中東の核軍拡を防げ

 

今年9月に、イスラエルに2週間滞在した。

この時には、テロリストの侵入を防ぐために、レストランの前に立っているガードマンの数が減り、出国時の空港での検査も比較的簡単に済んだので、「自爆テロに対する警戒がゆるんだようだ」と感じた。

またテルアビブもエルサレムも、米国やフランスからの観光客で賑わっていた。

だが、それは嵐の前の静けさにすぎなかったようだ。

10月末にイスラエル北部のハデラで、イスラム聖戦機構が起こした自爆テロによって市民5人が殺害され、2004年8月以来の事実上の停戦状態に、ピリオドが打たれたのである。

イスラエル政府のシャロン首相は、ガザ地区に対する空爆を命じるとともに、戦闘部隊を再びヨルダン川西岸地区に投入し、イスラム聖戦機構の摘発に乗り出した。

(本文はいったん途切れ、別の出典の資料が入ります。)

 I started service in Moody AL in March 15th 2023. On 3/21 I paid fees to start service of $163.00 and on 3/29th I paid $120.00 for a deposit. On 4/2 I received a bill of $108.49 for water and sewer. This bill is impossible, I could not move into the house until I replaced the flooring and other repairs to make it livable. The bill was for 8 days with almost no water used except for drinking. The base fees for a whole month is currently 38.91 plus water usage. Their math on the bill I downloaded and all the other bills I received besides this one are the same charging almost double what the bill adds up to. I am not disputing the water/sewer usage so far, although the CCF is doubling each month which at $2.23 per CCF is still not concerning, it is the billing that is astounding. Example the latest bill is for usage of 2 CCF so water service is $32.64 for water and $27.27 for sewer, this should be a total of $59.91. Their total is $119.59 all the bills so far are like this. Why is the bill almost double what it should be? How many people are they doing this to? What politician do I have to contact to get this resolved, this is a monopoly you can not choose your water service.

これでシャロン政権は、パレスチナ自治政府がテロを十分に取り締まっていないとして、アッバス代表への圧力を高めるだろう。

第3のインティファーダ(パレスチナ人の反イスラエル闘争)の発生を危惧する声もある。

一方イランのアハマディネシャド新大統領は、10月末に「イスラエルを地図の上から抹消しなくてはならない」と発言して、ドイツ政府を初めとするEU加盟国から、強い批判を浴びた。

今年大統領に選ばれたアハマディネシャド氏は、保守強硬派として知られていたが、この好戦的な発言によって、イスラエルへの敵意に燃える政治家だということが改めて確認された。

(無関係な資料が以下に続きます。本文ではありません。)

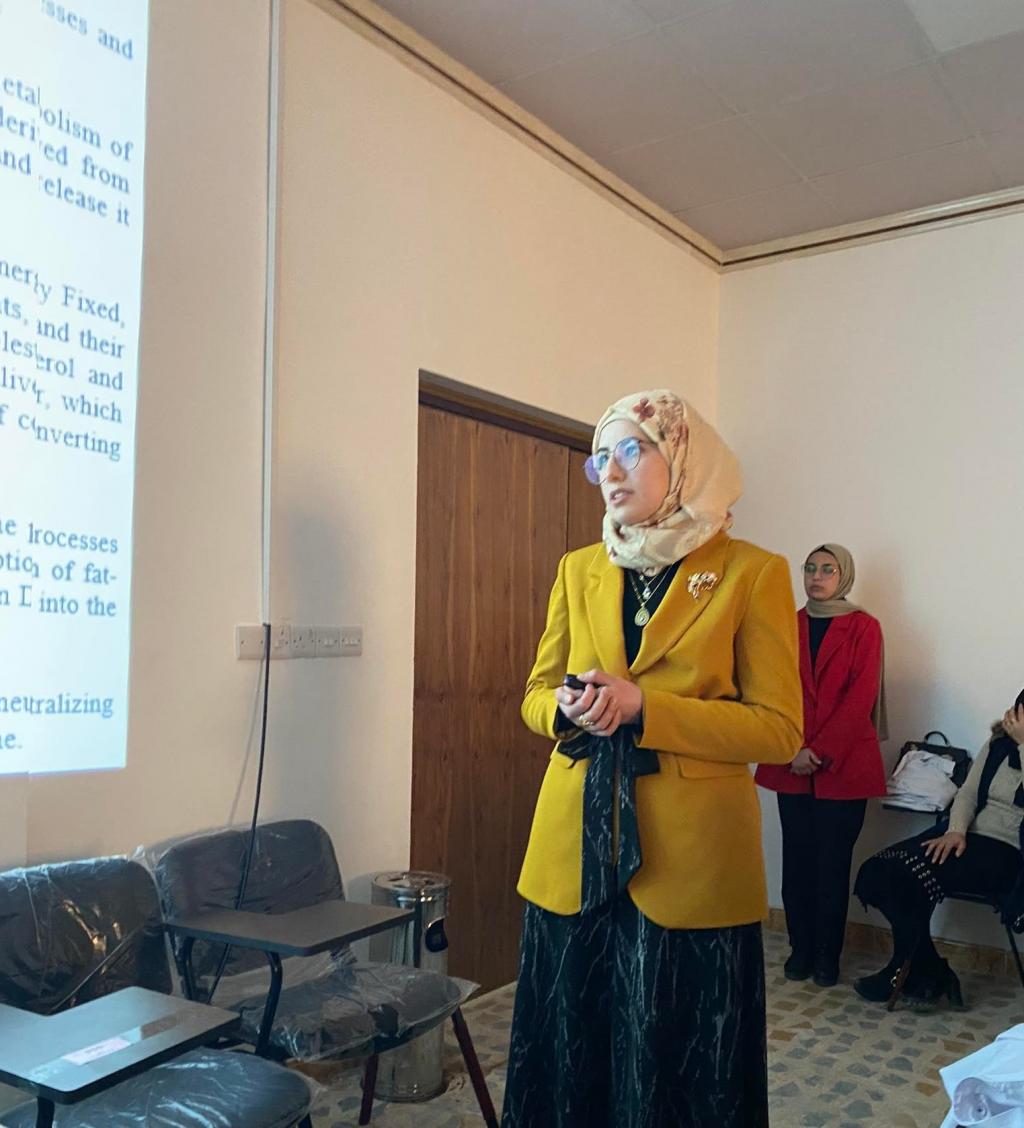 The Department of Medical Physiology conducted a seminar for students of the second grade on Monday, 14th March 2022.The seminar entitled “Liver Physiology” was presented by the two students, Aisha Fawaz and Zahra Muhammad, and under the supervision of the Lecturer Dr Raga’ A. Younis.This scientific activity is part of the educational requirements for undergraduate students. Among the attendees were the Head of the Department, Assistant Prof Dr Afra’ M. Al-Amin as well as the coordinator and the teaching staff concerned, and a number of students of the aforementioned grade.

私が今年夏に米国で会った安全保障問題関係者たちは、「イランが核爆弾を保有するのは時間の問題」という見方で一致していたが、権力の頂点に立つ人物が、こうした発言を堂々と行うのを見ると、イランがおとなしく米国やヨーロッパ諸国の言うことを聞いて、核兵器開発をあきらめるとは到底思えない。

イスラエルがすでに核兵器を持っていると思われることから、イランも抑止力を確保するために、核兵器の開発を急ぐ可能性が高い。

イスラエルはイランの核武装や長距離ミサイルの開発に神経を尖らせているが、アハマディネシャドの発言で、今後はイランとの対決姿勢を一段と強める恐れがある。

中東での核軍拡競争は、なんとしてでも避けなくてはならないが、米国はイラクの泥沼に足を取られて身動きが取れない状態にある。

このため、ドイツなど
EU諸国がリーダーシップを握ってイランへの働きかけを強め、強硬派が暴走しないように工作を行う必要がある。

ヨーロッパに負わされた責任は重い。